Women Are Winning the Market Downturn

Equity portfolios at least partly managed by women outperformed in both 2022 and 2018, according to Investment Metrics.

Illustration by II

Illustration by II

During this year’s market downturn, female portfolio managers have proven to be better safeguards of their investors’ assets than their male counterparts.

Large-cap equity portfolios that are at least partly managed by women lost a median of 2.6 percent from January to September, according to an analysis by Investment Metrics, a Confluence company. Similar portfolios led by all-male teams lost a median of 5.9 percent.

Scott Treacy, research consultant at Investment Metrics and author of the report, analyzed 90 portfolios from 73 asset management firms, including some big names like Abrdn, Franklin Templeton, and Schroders. Only 13 of the 90 large-cap portfolios were either managed or co-managed by a woman.
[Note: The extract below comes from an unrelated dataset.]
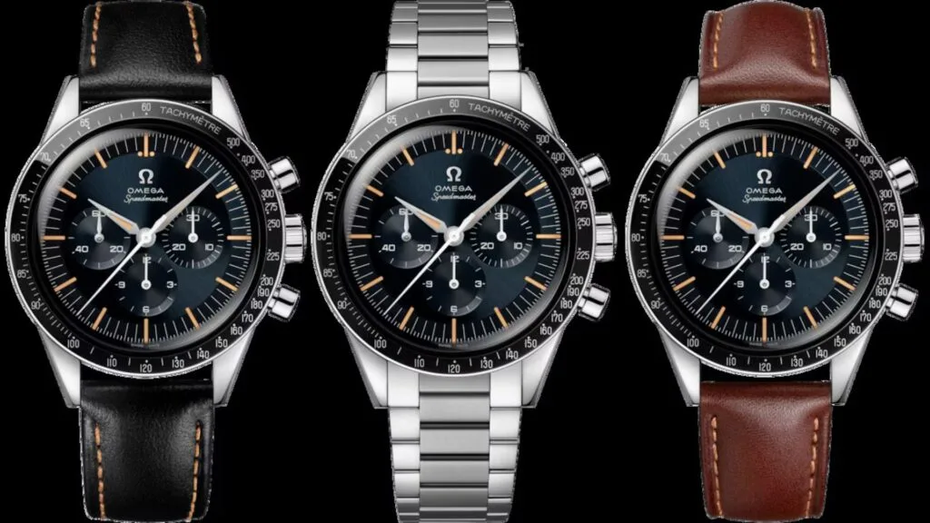The most noticeable change is the thickness. The new model, which measures 13.4 mm, is not only thinner than its predecessors but also contains the most recent version of the calibre that drove the first FOiS models, the Co-Axial Master Chronometer Calibre 3861. A Seahorse medallion, the words “SPEEDMASTER,” “THE FIRST OMEGA IN SPACE,” and the date “OCTOBER 3, 1962” are all stamped on the caseback.

Women also outperformed men during 2018’s market drawdown, when the MSCI All-County World index lost 8.9 percent, according to the report. “At least in the near term, it would seem that women-led teams do a better job at protecting assets in down markets,” Treacy wrote in the report.
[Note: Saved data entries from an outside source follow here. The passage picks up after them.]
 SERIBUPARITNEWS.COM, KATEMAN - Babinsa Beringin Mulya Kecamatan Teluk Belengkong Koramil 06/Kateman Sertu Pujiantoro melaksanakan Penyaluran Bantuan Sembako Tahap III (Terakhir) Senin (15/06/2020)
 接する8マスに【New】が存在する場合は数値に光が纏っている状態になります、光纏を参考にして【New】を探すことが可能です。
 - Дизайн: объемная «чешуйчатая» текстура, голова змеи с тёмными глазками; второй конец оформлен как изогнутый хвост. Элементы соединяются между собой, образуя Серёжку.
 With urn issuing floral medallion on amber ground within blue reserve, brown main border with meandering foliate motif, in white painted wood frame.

Treacy didn’t find a significant difference in performance before 2012. “However, in the recent five-year period, women have outperformed men in global equity at a median level,” he told II.

The IM report highlighted top women portfolio managers over the past decade, including Elisa Mazen from Clearbridge, Cassandra Hardman from Hardman Johnston, Caroline Cai from Pzena, and Sarah Ketterer from Causeway. Mazen and Hardman, both of whom are growth-style investors, have respectively beaten their benchmarks 80 percent and 73 percent of the time since 2012, according to the report.

Despite their outperformance, women are underrepresented as key decision-makers in the investment industry. In the global large-cap category, women only manage $90 billion of the $698 billion in total strategy assets, according to Investment Metrics. In a 2021 study, Treacy and his colleagues found that only 7 percent of asset managers had appointed women as chief executive officers.

The lack of gender diversity is also present in private markets. According to a McKinsey report published on Tuesday, women only make up 23 percent of investing roles at global private equity firms, even though more gender-diverse PE managers attract twice as much capital from allocators compared to all-male teams.

“Our analysis shows there is a strong case to build female-led teams,” Treacy wrote in the IM report. “More women should be given more opportunities to lead portfolio management teams at asset management firms and more institutional investors should be directing assets towards women-led portfolios.”